**What is expected:**
Go to the line containing "Visit Proof |" below; retype it and all following lines exactly, and leave out the pictures.

□ □ □ □

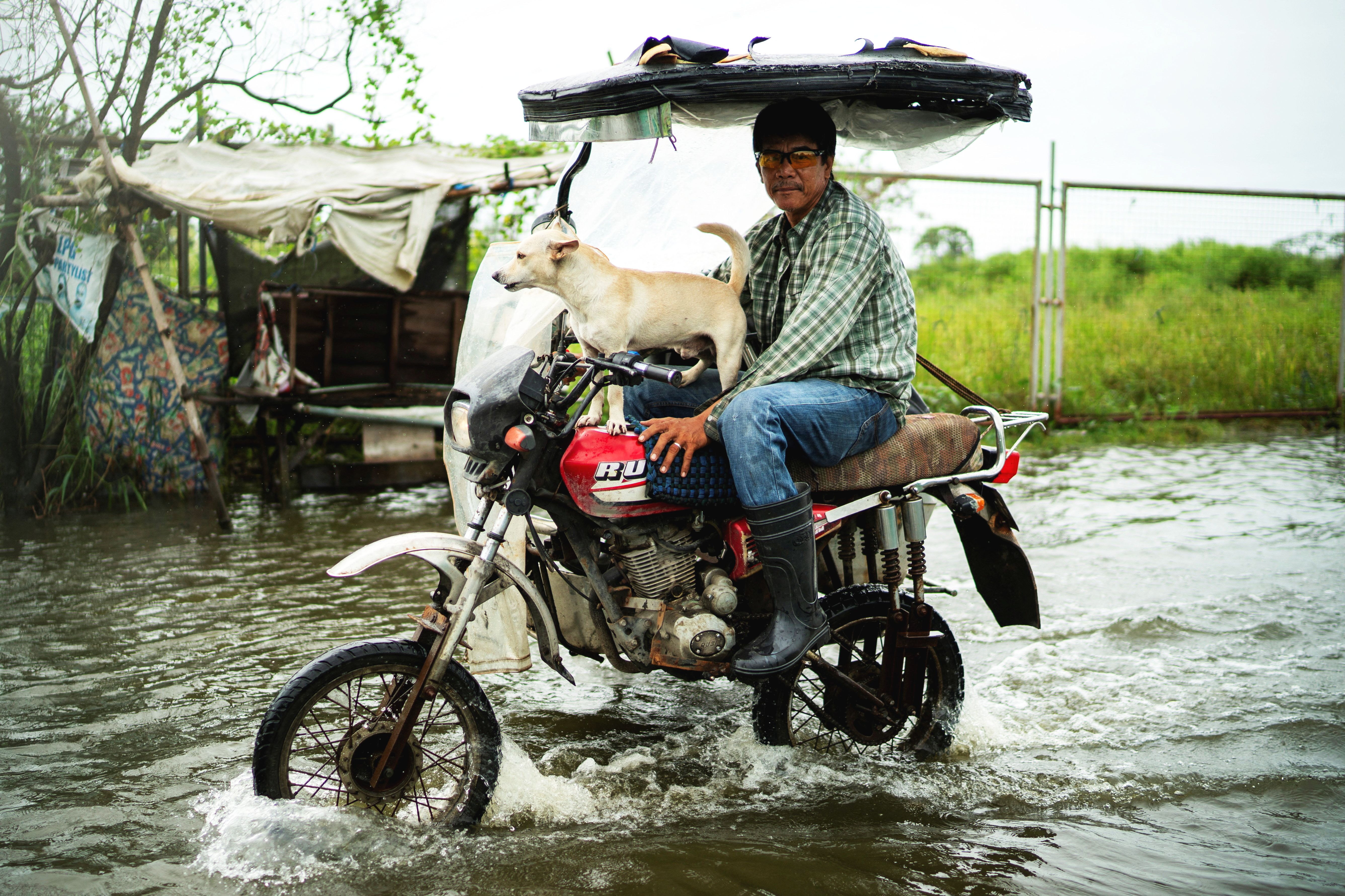 A motorist with a dog wades through a flooded road, following heavy rains intensified by Super Typhoon Ragasa, in Apalit, Pampanga province, Philippines, on September 23, 2025. (Photo by Lisa Marie David/Reuters)
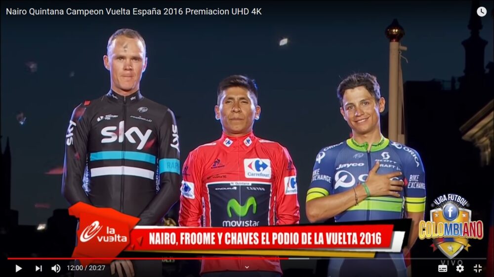 En 2016, Quintana profite du fait que Valverde dispute les trois Grands Tours la même année pour se retrouver enfin leader unique sur le Tour de France. Mais il apparaît moins fort que les années précédentes en ne parvenant pas à bouger Froome dans la montagne comme en 2013 et 2015. 3ème de la Grande Boucle derrière le Kényan blanc et l’intrus Romain Bardet, Nairoman se rattrape un mois plus tard sur la Vuelta en remportant son deuxième Grand Tour devant Froome, Chaves et Contador, après le Giro 2014. Ce coup-ci, pas de polémique comme en Italie il y a deux ans, son triomphe est total dans les rues de Madrid.
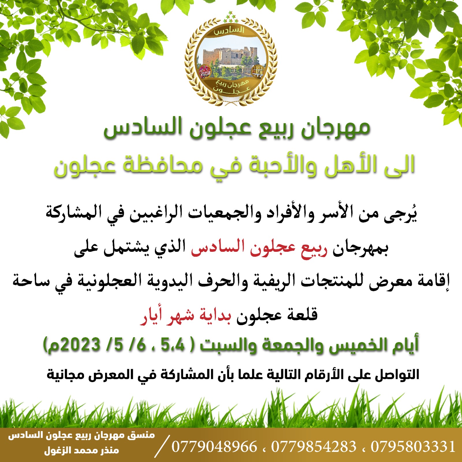 يسر الجهات المنظمة لمهرجان ربيع عجلون السادس الذي يتضمن إقامة معرض للمنتجات الريفية والحرف اليدوية العجلونية أن تدعو الأسر والجمعيات والأفراد العاملين في هذا المجال الى المشاركة  في المهرجان الذي سيقام بداية الشهر القادم بساحة قلعة عجلون ، علما بأن المشاركة في المهرجان  مجانية ولا يترتب على المشاركين أي مقابل مادي ،حيث ستتحمل الجهات المنظمة كافة تكاليف المهرجان .
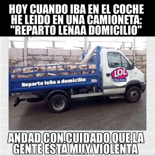 HOY CUANDO IBA EN EL COCHE HE LEIDO EN UNA CAMIONETA: "REPARTO LENAA DOMICILIO"
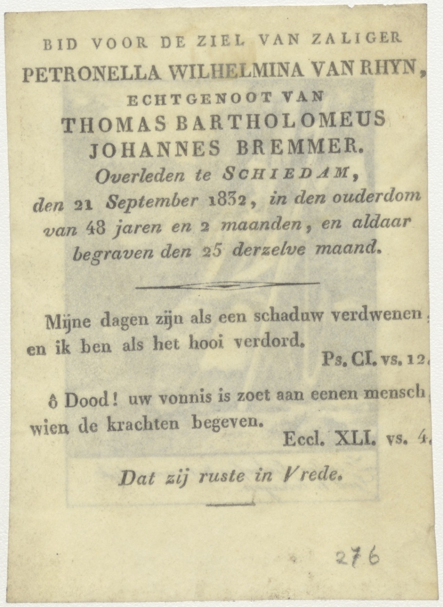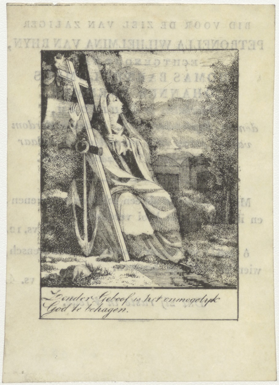 Zonder Geloof is het onmogelijk God te behagen, kz. Bid voor ziel Petronella Wilhelmina van Rhijn (+1832) Schiedam, echtgenoot van Thomas Bartholomeus Johannes Bremmer
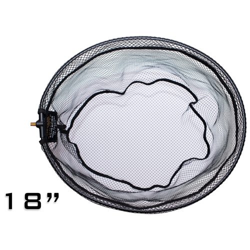 These nets are exceptionally lightweight, making them perfect for silverfish fishing on natural waters. The mesh features a light rubber coating that resists snagging on hooks while remaining soft and fish-friendly. Thanks to the coating, the mesh won’t absorb water and can be shaken dry instantly. 18in (46cm)
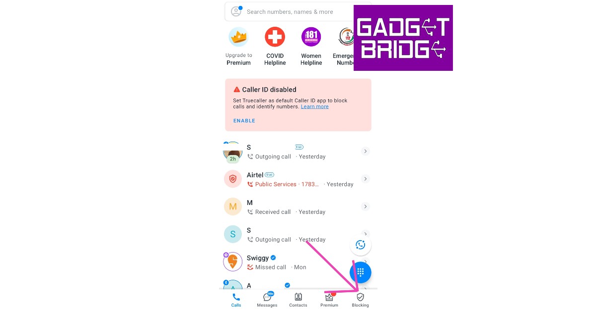 1. Adım:Truecaller uygulamasını açın ve 'Engelleme' için gidin.
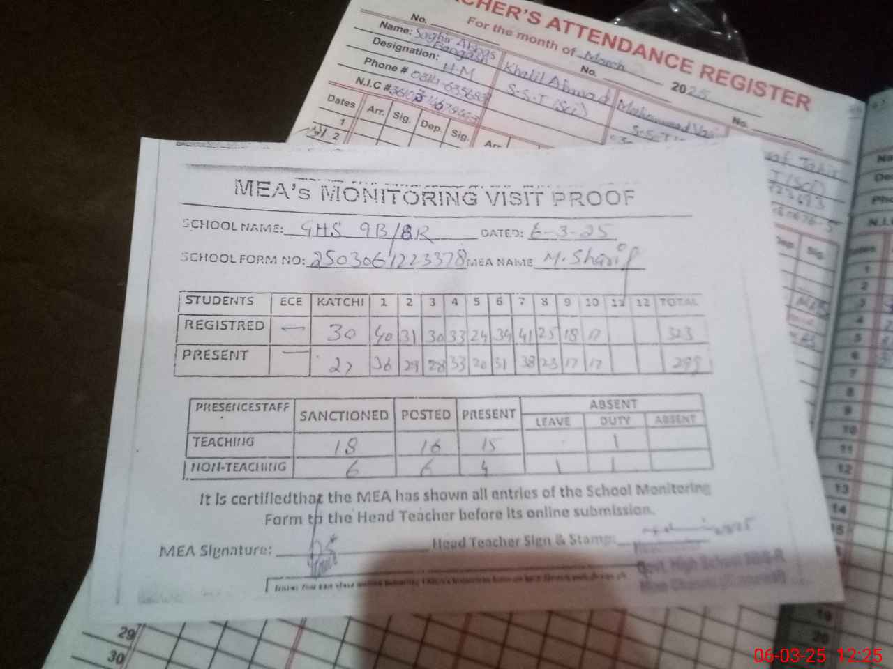 | Attendance Register | Head Teacher | MEA with School | Visit Proof |
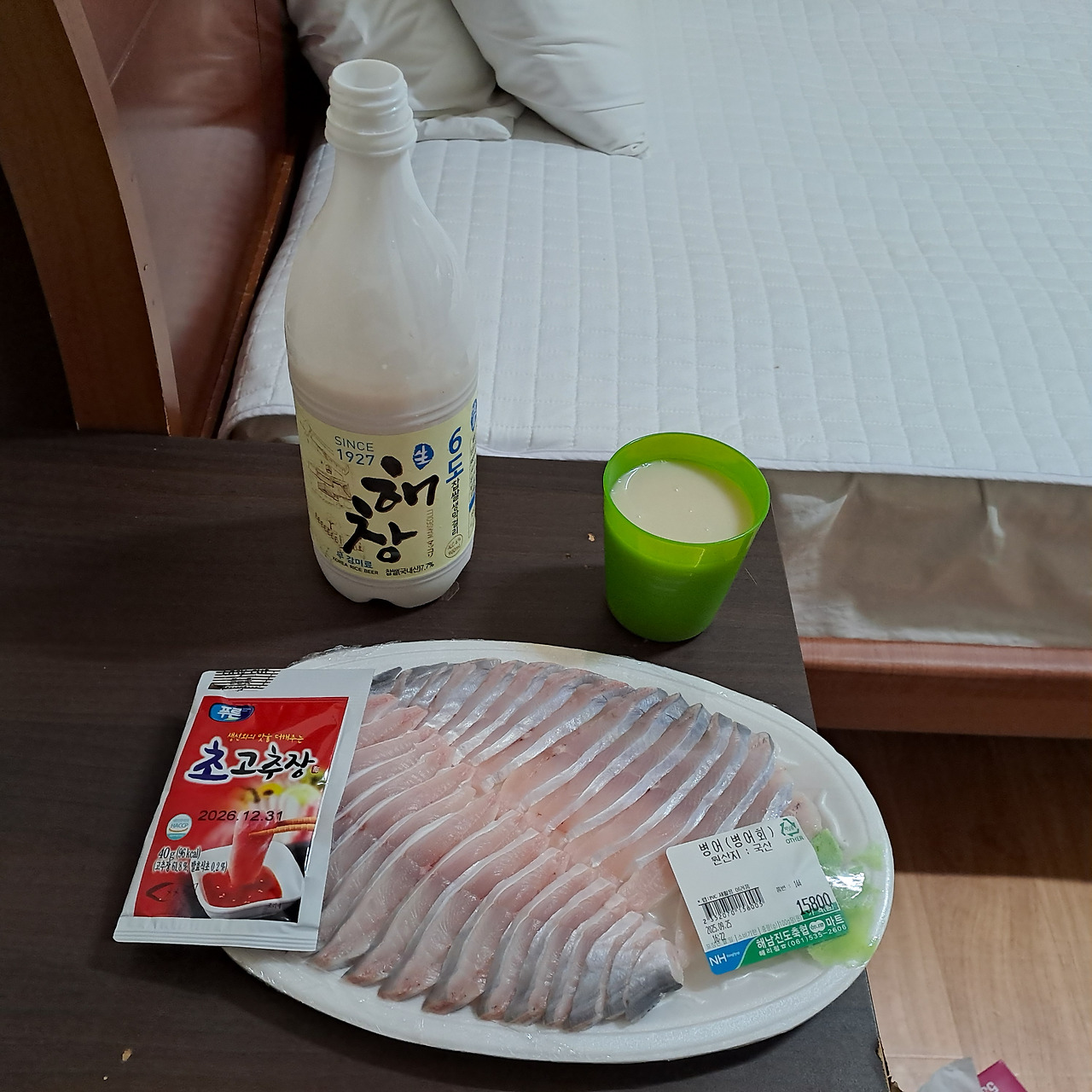 오늘 저녁은 병어회에 해창막걸리, 컵라면에다 김밥이다. 해남의 막걸리는 6도 8도 12도 등 도수가 다양하고, 12도는 마트에서 무려 8,500원이다. 영어표기도 rice wine이 아니라 rice beer다.

□ □ □ □

**Written response:**
 | Attendance Register | Head Teacher | MEA with School | Visit Proof |
 오늘 저녁은 병어회에 해창막걸리, 컵라면에다 김밥이다. 해남의 막걸리는 6도 8도 12도 등 도수가 다양하고, 12도는 마트에서 무려 8,500원이다. 영어표기도 rice wine이 아니라 rice beer다.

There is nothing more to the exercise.